*** Data records ***
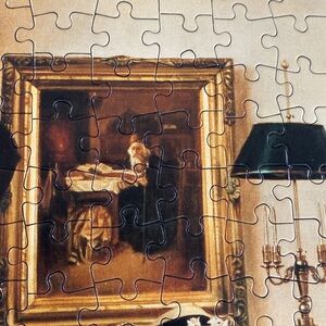 Excellent puzzle quality with matte finish that resists shine. All pieces present. Pieces slip together beautifully. Few false fits. Clear images. Artwork by Greg Olsen. Vintage puzzle. Pieces are larger than the typical Ravensburger pieces. Pre- blue backing.
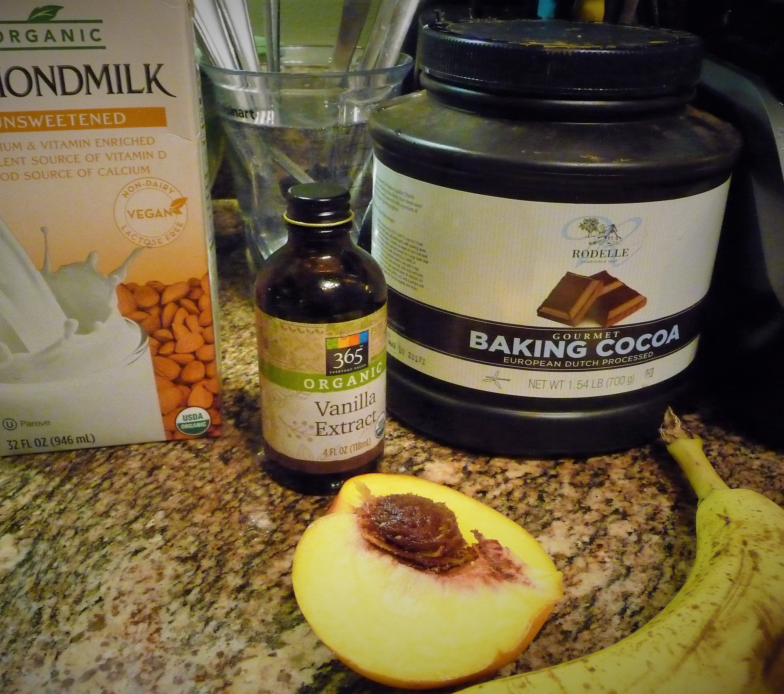 After 1 minute, transfer the banana and almond milk to a blender or food processor. Add the cocoa powder and vanilla. Puree until smooth.
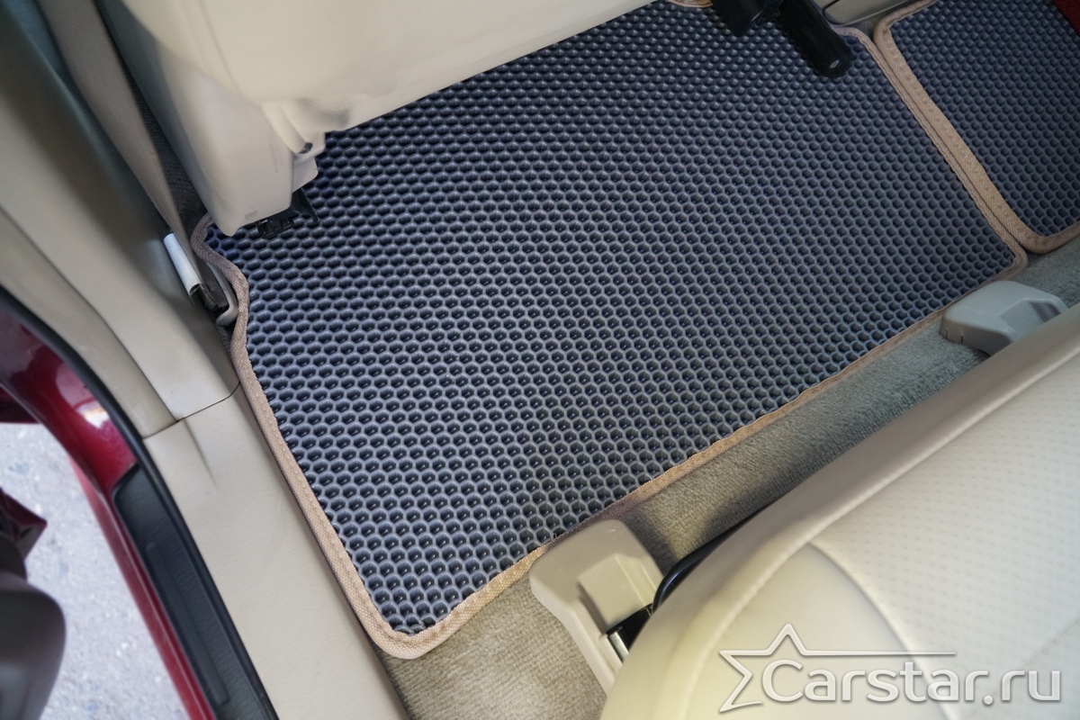 Толщина ковриков EVA составляет 10-12 мм. Глубина ячеек 7-8 мм. Такая толщина ковриков позволяет им служить довольно долго, не протираясь до 3 лет. А благодаря такой глубине ячеек коврик EVA площадью 1 кв.м. способен захватить около 3,5 л жидкости, сохраняя в чистоте вашу обувь и обивку салона.
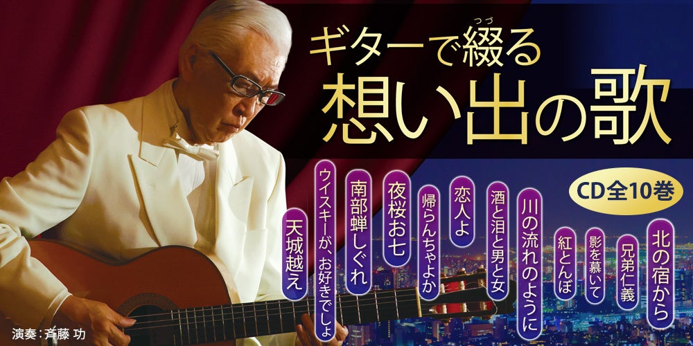 昭和・平成の演歌や歌謡曲などのヒット曲を、斉藤功氏のギター演奏でカバー。人生の軌跡を爪弾く音楽コレクション『ギターで綴る 想い出の歌』、販売開始。
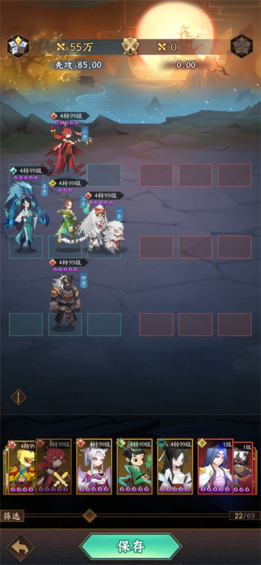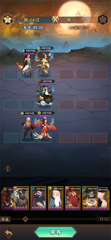 阵容解析:斗战胜佛可以通过全体攻击来压低对方血量,同时分身猴子可以承担一部分伤害以吸引对方的火力;孙悟空则可以使用竖排收割技能来输出,猪八戒则可以通过变身为天蓬元帅加入收割和输出能力。女娲保证全体血量回复,复活给斗战胜佛保证容错。
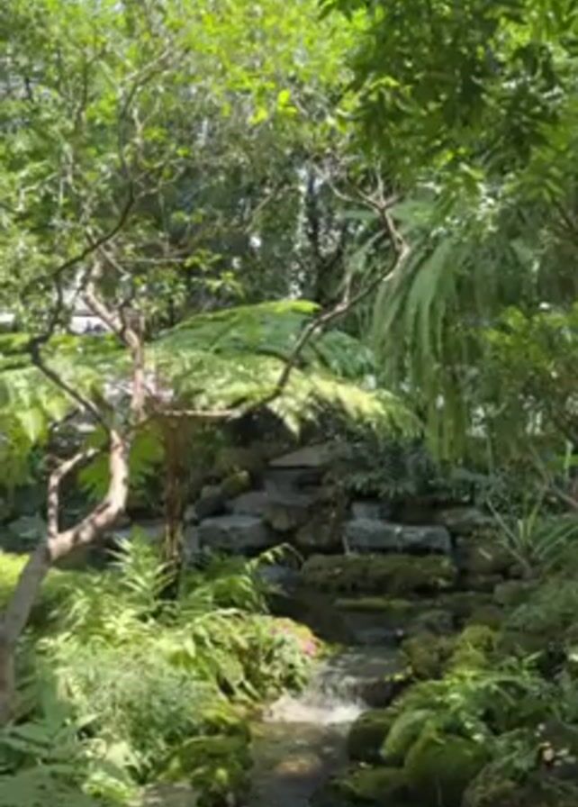 The camera is static, capturing a lush, green outdoor scene with a small stream running through it. The stream is bordered by an array of ferns and moss-covered rocks, with a backdrop of tiered stone forming small waterfalls. A variety of trees and plants fill the frame, their leaves creating a dense canopy overhead, dappling the scene with sunlight. The overall atmosphere is tranquil and natural, evoking a sense of serene wilderness.
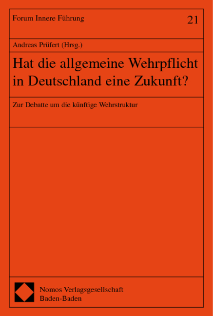 Die Publikation Hat die allgemeine Wehrpflicht in Deutschland eine Zukunft? - Zur Debatte um die künftige Wehrstruktur von Andreas Prüfert ist bei Nomos erschienen. Die Publikation ist mit folgenden Schlagwörtern verschlagwortet: Militärforschung, Politik, Theorie der Kriegsführung und Militärwissenschaft. Weitere Bücher, Themenseiten, Autoren und Verlage finden Sie hier: https://buch-findr.de/sitemap_index.xml . Auf Buch FindR finden Sie eine umfassendsten Bücher und Publikationlisten im Internet. Sie können die Bücher und Publikationen direkt bestellen. Ferner bieten wir ein umfassendes Verzeichnis aller Verlagsanschriften inkl. Email und Telefonnummer und Adressen. Die Publikation kostet in Deutschland 18 EUR und in Österreich 18.5 EUR Für Informationen zum Angebot von Buch FindR nehmen Sie gerne mit uns Kontakt auf!
*** End of Data records ***
## Exercise description
Above are the records; return them exactly, minus the pictures.

## Expected answer
 Excellent puzzle quality with matte finish that resists shine. All pieces present. Pieces slip together beautifully. Few false fits. Clear images. Artwork by Greg Olsen. Vintage puzzle. Pieces are larger than the typical Ravensburger pieces. Pre- blue backing.
 After 1 minute, transfer the banana and almond milk to a blender or food processor. Add the cocoa powder and vanilla. Puree until smooth.
 Толщина ковриков EVA составляет 10-12 мм. Глубина ячеек 7-8 мм. Такая толщина ковриков позволяет им служить довольно долго, не протираясь до 3 лет. А благодаря такой глубине ячеек коврик EVA площадью 1 кв.м. способен захватить около 3,5 л жидкости, сохраняя в чистоте вашу обувь и обивку салона.
 昭和・平成の演歌や歌謡曲などのヒット曲を、斉藤功氏のギター演奏でカバー。人生の軌跡を爪弾く音楽コレクション『ギターで綴る 想い出の歌』、販売開始。
 阵容解析:斗战胜佛可以通过全体攻击来压低对方血量,同时分身猴子可以承担一部分伤害以吸引对方的火力;孙悟空则可以使用竖排收割技能来输出,猪八戒则可以通过变身为天蓬元帅加入收割和输出能力。女娲保证全体血量回复,复活给斗战胜佛保证容错。
 The camera is static, capturing a lush, green outdoor scene with a small stream running through it. The stream is bordered by an array of ferns and moss-covered rocks, with a backdrop of tiered stone forming small waterfalls. A variety of trees and plants fill the frame, their leaves creating a dense canopy overhead, dappling the scene with sunlight. The overall atmosphere is tranquil and natural, evoking a sense of serene wilderness.
 Die Publikation Hat die allgemeine Wehrpflicht in Deutschland eine Zukunft? - Zur Debatte um die künftige Wehrstruktur von Andreas Prüfert ist bei Nomos erschienen. Die Publikation ist mit folgenden Schlagwörtern verschlagwortet: Militärforschung, Politik, Theorie der Kriegsführung und Militärwissenschaft. Weitere Bücher, Themenseiten, Autoren und Verlage finden Sie hier: https://buch-findr.de/sitemap_index.xml . Auf Buch FindR finden Sie eine umfassendsten Bücher und Publikationlisten im Internet. Sie können die Bücher und Publikationen direkt bestellen. Ferner bieten wir ein umfassendes Verzeichnis aller Verlagsanschriften inkl. Email und Telefonnummer und Adressen. Die Publikation kostet in Deutschland 18 EUR und in Österreich 18.5 EUR Für Informationen zum Angebot von Buch FindR nehmen Sie gerne mit uns Kontakt auf!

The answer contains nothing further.